Matt: the compute overhead is up
to 500
... I pulled that number out of the air; if a different number
makes sense, ok
... at NextRoll we have a regression model
... takes our cloud servers one millisecond and @ CPU to
evaluate the model
... that's the computing needing
... maybe half a second of computation needed
... a crude comparison but some ballpark numbers we are talking
about
... needing half a second to a second to produce these bids to
produce winner of the auction
... first question was about advertisers' site and how models
get pulled down
... When person goes to site today, they get third party
cookie
... instead they could get a little tiny model
... API makes sense
... come to my site as advertiser
... please download the model data; asap for model to be fresh
and start computing bids
... would happen ideally right then and there
James: that pulldown would happen first time a user visits a site
Matt: yes
James: a half a millisecond for
one CPU
... is per placement or @
Matt: per placement
... probably the same kind of thing
... not sure that changes the estimate that much
James: thank you for the clarification
Charlieharrison: respond to
models being public on the device
... thought about this a bit...seems like two cases
... one when you want to protect data from some other JS
running on users' device
... in those cases, I think we can protect the model
... second case is when you want to protect model from someone
that has local user access
... that is pretty much impossible to hide model
... I don't think @
... still allow you to evaluate the model
... and if you can evaluate enough times, you can figure out
the model
... that is the lay of the land of what we are making
public
Matt: that is helpful
... don't know if it's a deal breaker
... maybe obfuscation would provide enough
... to reverse engineer the model
Charlie: I think we need to
discuss it
... it seems to me a local copy of an obfuscated model
<blassey> thanks
Charlie: if an adversary is dedicated enough, they could learn it, even if fully obfuscated
Matt: different from federated code
Charlie: good point
... to prevent trivial attacks, maybe the obfuscation can
work
Jonasz: thanks for proposal
... seems like COWBIRD and SPURFOWL is model to help
[missed]
Matt: answer is no, I have not
done federated learning
... it is being done in practice
... tells you something about the feasibility
... at high level
... how quickly you get feedback
... don't want model to always be lagging what is happening in
the wild
... we would definitely want to keep feedback loop from new
models and pulling gradient info
... what I have seen at Google at night when you plug your
phone in is when the gradient computations go
... might take a couple days to train a model, then
fine-tuning
Joz: when thinking about COWBIRD and SPURFOWL, would it be a complement?

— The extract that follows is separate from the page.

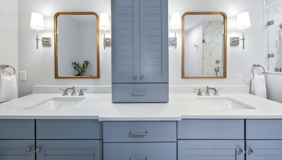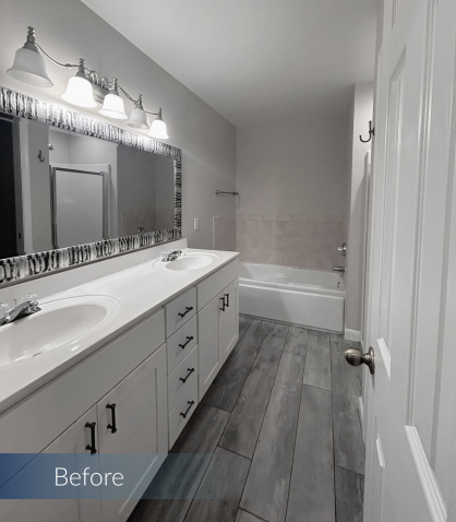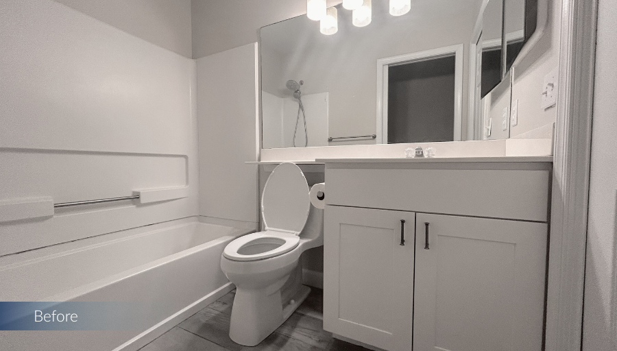 This Sea Colony condo remodel brings a refined coastal feel to both of the home’s bathrooms. Through thoughtful layout updates and carefully selected finishes, we elevated two everyday spaces into bright, inviting retreats.

Matt: both SPURFOWL and COWBIRD
rely on aggregate reporting
... gradients cannot be sent directly to advertisers
... we have a lot of control over what those computations
produce
... if there is not intermediary
... why this proposal has aggregate intermediary
... so there the attacks are at least very hard
josz: need ability to launch
reports from a bidding function?
... those will have different delay considerations
Matt: looking at reporting and
bidding side as separate pieces
... you might want to compute metrics that may or may not be
limited to bidding
... that could use SPURFOWL only
... in theory I could only bid and use COWBIRD
... but want to give customer metrics, so I would use
SPURFOWL
... cannot tell customer number of impressions using
COWBIRD
... maybe some way to attack but that is not the idea
Wendy: I have closed queue now
Brian: Very interesting
proposal
... I like the idea of taking advantage of the control the
browser has over things
... to give out what is needed an not more than what is
needed
... raises allocation of resources in browser; who owns what,
who manages what
... an issue common to other proposals
... if browser lands on publishers page, and develops a model,
does advertiser, or third party own that relationship?
Matt: I don't have a good answer
for that
... I have not specified anything along that detail in this
proposal, partially intentionally
... I don't have a great response to that; we can figure out
together
... Why does ownership of these things matter?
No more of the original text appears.